Rome was not built in a day, as the saying goes. The same could be said of Mira, who today trains hundreds of guide dogs, on reading her story dissected in a new book, narrated through her co-founder Éric St-Pierre.
We read with curiosity Mira: My most beautiful love story, with its 270 tightly packed pages, while thinking: what a long way we have come! Above all, we discover that the beginnings of the destiny of this organization, highly respected by Quebecers, are inextricable from those of the life of its co-founder. Written in collaboration with Agnès Marliot, these memoirs certainly retrace the development of the project, which grew more and more complex over time, but also the very first steps of Éric St-Pierre in his relationships with dogs, which were sometimes surprising.
Raised the hard way on the family farm, he had the happy company of Mike or Ti-Loup, faithful canines who accompanied his childhood adventures, and so many others, like Coco or the aptly named Karma. , a German Shepherd. His career as a musician on the sidelines, Mr. St-Pierre decides to compose with his dogs, learning about training. He therefore trains particularly obedient animals, but whose vocation is still far from that of Mira’s future offspring, being trained for guarding, security or the search for narcotics. At the same time, the need to feed his family pushes him to accept a “dirty job”: dog catcher in the service of municipal pounds, which will earn him the contempt of good people, various bites and a persistent pestilential smell.
However, he manages to pull the reins towards the project of his life.
Mira was born in 1981, founded by Éric St-Pierre and Johanne Hallé.
“I was afraid it would never happen. The great battle of French in North America is not yet over today,” he said in an interview with La Presse. However, he threw himself headlong into the fight. “With empty pockets, but with a full heart, I embarked without guardrails on a path as tortuous as it was soft,” he says in his biography.
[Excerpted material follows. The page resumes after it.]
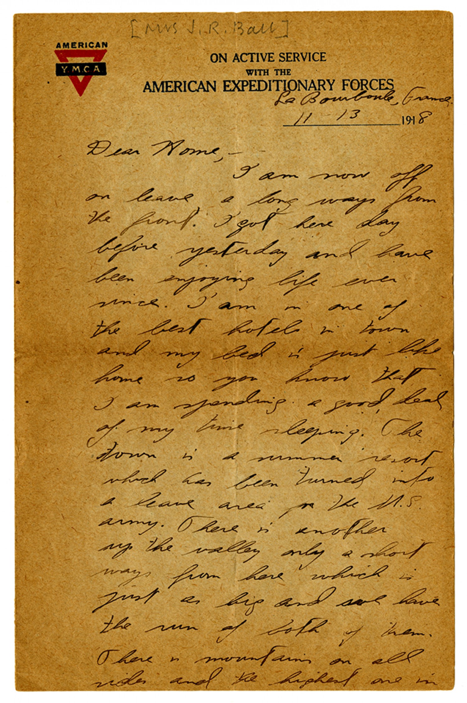 | Source | Ball, Hampton B. Letter to home. 13 November 1918. Ball, Hampton B., Papers, 1918-1919. C3935. The State Historical Society of Missouri, Columbia, MO. |

Then begins a struggle to finance and grow Mira, the author of this initiative suffering many setbacks, having doors slammed in his face, but also unearthing support, logistical and financial. Reading this tumultuous journey, with bends of hope and disillusionment, one wonders what allowed man to keep the sacred fire alive. “It’s been the pleasure of working with dogs, my love for them, since the age of 6, when I worked with my father,” says Mr. St-Pierre. “Although sometimes I was on the verge of giving up in the face of difficulties,” he concedes.
The organization grew, winning the hearts of the public, chaining campaigns and fundraising activities on an ever larger scale, such as dog sledding expeditions. We also discover how assistance to targeted audiences has flourished and diversified, focusing on people with reduced mobility or motor skills, or even children with autism. A branch that continues to grow, even today, as shown by the pilot project for people suffering from Alzheimer’s, launched in 2019 and in development after the pandemic break. “It was a very promising project, especially with people at the beginning of the disease,” says Agnès Marliot, collaborator on the biography. Mira, which has 90 employees and several hundred volunteers to date, trains between 150 and 200 dogs per year.
“I see a bright future for Mira in terms of development, to always give more, to develop the component for people with Alzheimer’s. We still have to work, organize and fine-tune to make it work better,” says St-Pierre.